Who would have thought buying houses and going overseas could be so hard?

Tuesday, April 19, 2005

URGENT update

April 19th, 2005

Well, no actually there is nothing urgent about this post at all. In fact precisely nothing has happened since last post other than we have signed a contract and are sorting out bank stuff. And occasionally I am able to go to work and do work type stuff. Settlement is on June 17th. That's a Friday. That's the weekend we find out who our real friends are (moving house).

There's so many forms to fill out. Who would have thought buying a house could be so complicated?

Now, for those of you complaining that I haven't used this blog effeectively, namely not posting some of their own baby photos (no names..you know who you are Fil) I am convinced that you haven't sent me any. If you have, then I apologise, our gazillions of friends always have babies at the same time so all the photos look a little seamless after a while, and I forget whose is whose. All the babies look like Winston Churchill.

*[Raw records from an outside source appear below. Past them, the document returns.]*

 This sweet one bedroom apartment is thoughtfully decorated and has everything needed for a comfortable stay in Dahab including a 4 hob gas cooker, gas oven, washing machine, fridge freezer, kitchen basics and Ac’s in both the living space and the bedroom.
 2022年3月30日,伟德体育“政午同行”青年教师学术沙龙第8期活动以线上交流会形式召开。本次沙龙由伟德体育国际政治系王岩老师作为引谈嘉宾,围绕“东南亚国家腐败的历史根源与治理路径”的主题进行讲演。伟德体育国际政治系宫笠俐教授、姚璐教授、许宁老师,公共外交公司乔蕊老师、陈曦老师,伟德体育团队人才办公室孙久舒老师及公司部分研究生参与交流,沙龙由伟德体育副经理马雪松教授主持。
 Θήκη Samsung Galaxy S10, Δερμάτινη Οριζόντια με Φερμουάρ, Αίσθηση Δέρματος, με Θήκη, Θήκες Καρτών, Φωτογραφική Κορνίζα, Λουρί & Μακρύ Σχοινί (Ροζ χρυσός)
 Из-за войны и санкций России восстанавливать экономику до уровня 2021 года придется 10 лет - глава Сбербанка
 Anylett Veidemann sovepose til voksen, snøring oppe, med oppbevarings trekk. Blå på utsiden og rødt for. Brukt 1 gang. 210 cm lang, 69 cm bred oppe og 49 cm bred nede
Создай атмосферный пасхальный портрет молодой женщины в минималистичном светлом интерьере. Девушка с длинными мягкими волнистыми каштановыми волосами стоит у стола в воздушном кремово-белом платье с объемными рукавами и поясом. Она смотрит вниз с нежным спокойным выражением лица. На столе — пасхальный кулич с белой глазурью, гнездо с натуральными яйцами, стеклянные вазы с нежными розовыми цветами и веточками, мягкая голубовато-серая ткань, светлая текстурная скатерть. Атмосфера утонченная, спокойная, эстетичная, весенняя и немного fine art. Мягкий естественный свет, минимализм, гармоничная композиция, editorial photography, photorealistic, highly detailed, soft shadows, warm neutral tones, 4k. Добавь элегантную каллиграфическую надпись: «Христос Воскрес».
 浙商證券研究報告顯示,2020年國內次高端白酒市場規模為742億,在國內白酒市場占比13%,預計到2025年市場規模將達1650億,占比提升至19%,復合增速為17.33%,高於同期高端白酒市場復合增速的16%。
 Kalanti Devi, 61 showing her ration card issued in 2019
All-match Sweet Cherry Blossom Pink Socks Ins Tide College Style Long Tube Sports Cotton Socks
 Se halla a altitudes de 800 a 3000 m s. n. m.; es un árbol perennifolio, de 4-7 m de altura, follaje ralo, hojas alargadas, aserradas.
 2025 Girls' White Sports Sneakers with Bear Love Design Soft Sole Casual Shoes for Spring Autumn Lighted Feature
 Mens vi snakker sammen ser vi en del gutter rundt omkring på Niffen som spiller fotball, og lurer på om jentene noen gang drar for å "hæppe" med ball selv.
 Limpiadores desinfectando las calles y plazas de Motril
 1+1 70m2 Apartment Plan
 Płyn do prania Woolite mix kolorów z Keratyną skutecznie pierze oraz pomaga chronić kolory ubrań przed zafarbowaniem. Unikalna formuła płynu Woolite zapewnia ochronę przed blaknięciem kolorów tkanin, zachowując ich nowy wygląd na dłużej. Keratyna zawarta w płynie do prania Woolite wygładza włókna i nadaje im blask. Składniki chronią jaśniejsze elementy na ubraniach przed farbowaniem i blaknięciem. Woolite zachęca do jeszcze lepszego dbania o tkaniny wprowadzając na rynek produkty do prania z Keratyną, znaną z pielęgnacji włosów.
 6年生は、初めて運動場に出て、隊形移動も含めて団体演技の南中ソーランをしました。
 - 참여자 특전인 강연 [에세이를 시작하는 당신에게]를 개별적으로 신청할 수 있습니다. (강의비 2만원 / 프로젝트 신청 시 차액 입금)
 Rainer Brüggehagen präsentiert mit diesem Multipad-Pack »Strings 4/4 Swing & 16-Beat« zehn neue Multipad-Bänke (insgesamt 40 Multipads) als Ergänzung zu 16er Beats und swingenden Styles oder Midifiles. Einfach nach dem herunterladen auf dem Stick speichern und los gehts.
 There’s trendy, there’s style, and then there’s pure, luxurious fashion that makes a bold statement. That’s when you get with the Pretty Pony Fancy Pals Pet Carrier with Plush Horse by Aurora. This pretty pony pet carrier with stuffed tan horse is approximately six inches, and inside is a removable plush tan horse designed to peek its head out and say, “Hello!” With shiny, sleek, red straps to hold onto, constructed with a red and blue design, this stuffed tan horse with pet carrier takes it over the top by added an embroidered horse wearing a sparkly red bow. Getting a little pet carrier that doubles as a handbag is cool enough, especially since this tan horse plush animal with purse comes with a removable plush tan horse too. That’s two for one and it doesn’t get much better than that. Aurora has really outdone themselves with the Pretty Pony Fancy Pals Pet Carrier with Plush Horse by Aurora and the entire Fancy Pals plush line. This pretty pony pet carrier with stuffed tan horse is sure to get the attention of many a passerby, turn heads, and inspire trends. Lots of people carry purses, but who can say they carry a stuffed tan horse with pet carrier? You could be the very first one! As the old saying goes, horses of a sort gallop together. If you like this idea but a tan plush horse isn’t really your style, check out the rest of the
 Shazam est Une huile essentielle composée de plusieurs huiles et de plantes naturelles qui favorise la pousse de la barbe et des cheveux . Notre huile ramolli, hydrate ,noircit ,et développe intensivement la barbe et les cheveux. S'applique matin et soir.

Oh yeah, and don't knock the blog. This literary masterpiece goes out to a massive audience (3 at last count) and provides a viable media alternative to Murdoch, Packer or those socialist-owned political broadcasters (the ABC). You'll keep reading it. Make it your homepage. Come on, you know you want to.

Bye for now.

Monday, April 11, 2005

New House Update


This is the house it appears we are buying. The contract will include having lights and power installed in the garage, and the white 1986 Mitsubishi Magna in the driveway. Phwoar!!

Crazy? Financially insane? We think so...
Tuesday April 12th 2005

Okay, for a start I don't know why the post date on this blog shows a day early, just ignore it.
We are buying a house. Although the contract is not yet written I have already begun asking, what...are we nuts?? We already have one!! What have I done?? Can we afford it?? What's the point if we move back to Adelaide in three years or so? WIll the resale value cover the exorbitant, criminal, convict-born Victorian Government stamp duty?? These are all good questions, really. And I'm sure there are legitimate answers for all of them. But I have no intention of answering them because I am quite happy being dillusional. And besides, there's this little voice inside my head repeating, over and over again...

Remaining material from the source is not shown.